Re: Implementable Set Theory and Consistency of ZFC

On Thu, 25 Oct 2007 10:24:04 +0200, Han de Bruijn
<Han.deBruijn@xxxxxxxxxxxxxx> wrote:

MoeBlee wrote:

On Oct 24, 12:50 am, Han de Bruijn <Han.deBru...@xxxxxxxxxxxxxx>
wrote:

MoeBlee wrote:

On Oct 23, 4:23 am, Han de Bruijn <Han.deBru...@xxxxxxxxxxxxxx> wrote:

1. Extensionality 5. Specification X. Infinity
2. Empty set 6. Substitution
3. Pairing 7. Power Set
4. Union 8. Foundation
9. Choice

And, as I've said, in this "model", only (1-4) are necessary as axioms,
because (5-9) appear as theorems. And (X) is not part of the "model".

I just saw Virgil's post, which made me realize I overlooked that you
said 5-9 are theorems of 1-4!

You're wrong. None of 5-9 is derivable from all of 1-4.

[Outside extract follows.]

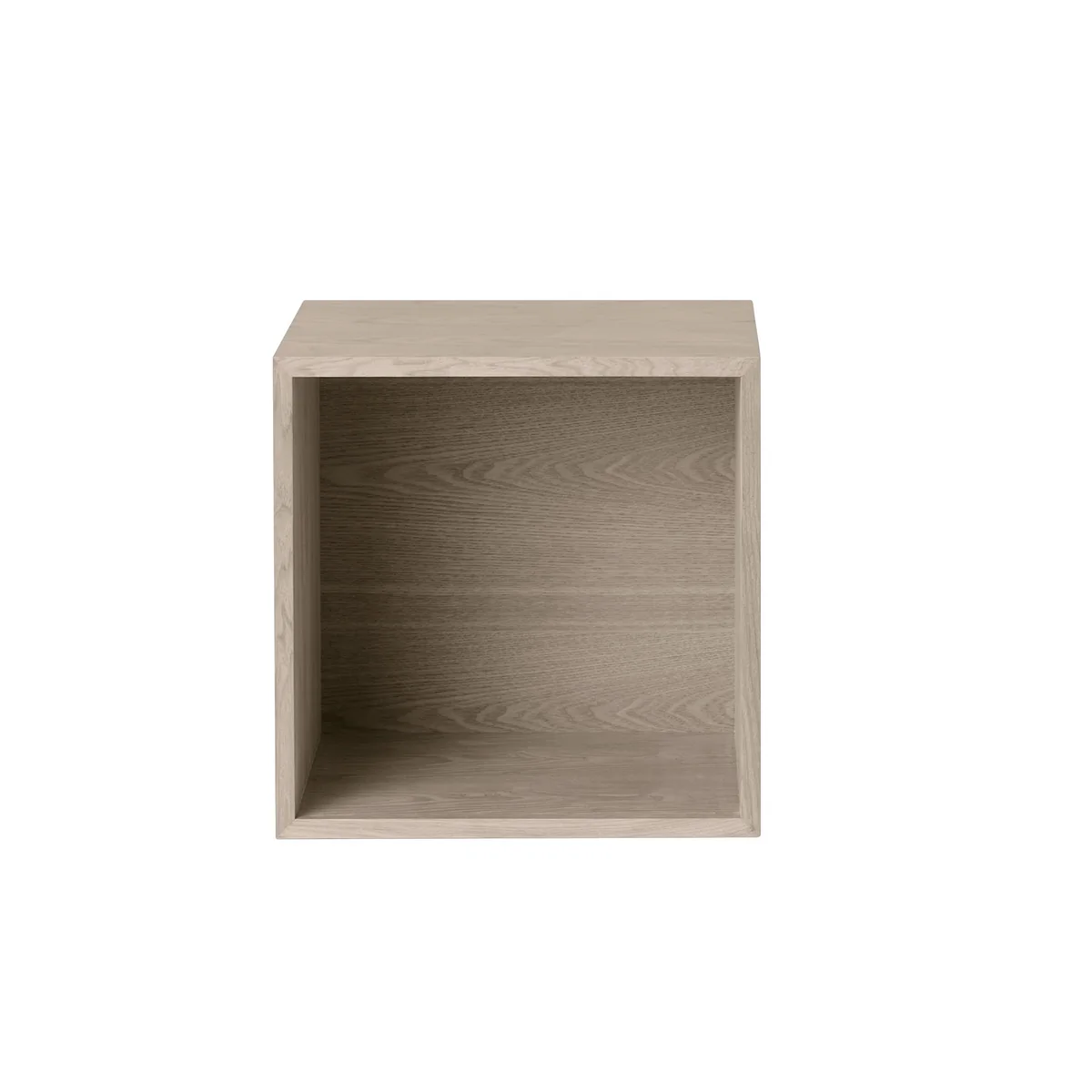 The Stacked shelving system modules made of MDF with oak veneer are available in various sizes and with or without a back panel. They are assembled stably and firmly with the help of the Stacked clamps and are flexible and changeable in shape. All modules with a back panel can be mounted on the wall. The individual shelf becomes particularly beautiful together with the Stacked modules in different colours and with the modules of the Mini Stacked series.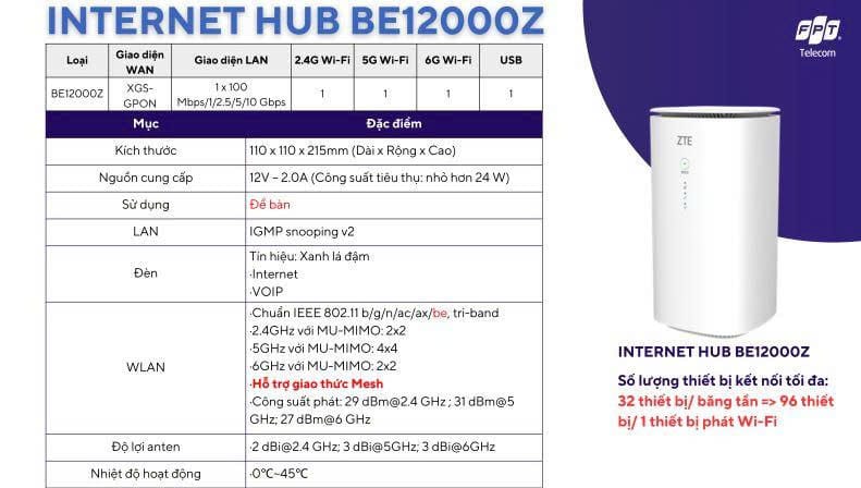 Chi tiết cấu hình thiết bị Internet Hub BE12000Z

What you might mean is that in a certain model of 1-4, we have that
5-9 are true in that model. But that does not ENTAIL that any of 5-9
are theorems of 1-4.

You are wrong. Read the article.

I'm wrong on what point? The article doesn't prove that all of 1-4
entail any of 5-9. Again, that 5-9 are true in a particular model
along with 1-4 is not a proof that 1-4 entail any of 5-9. Do you
understand that or not? Are you familiar with (or at least know of)
the independence proofs of these axioms?

Adding more blathering (instead of counter-examples) doesn't strengthen
your arguments. You're still wrong.

Saying he's wrong does not prove that he is. Your "proof" that 5-8
follow from 1-4 is simply not a correct proof - that's a fact,
independent of anything anyone may have said here.


Han de Bruijn


************************

David C. Ullrich
.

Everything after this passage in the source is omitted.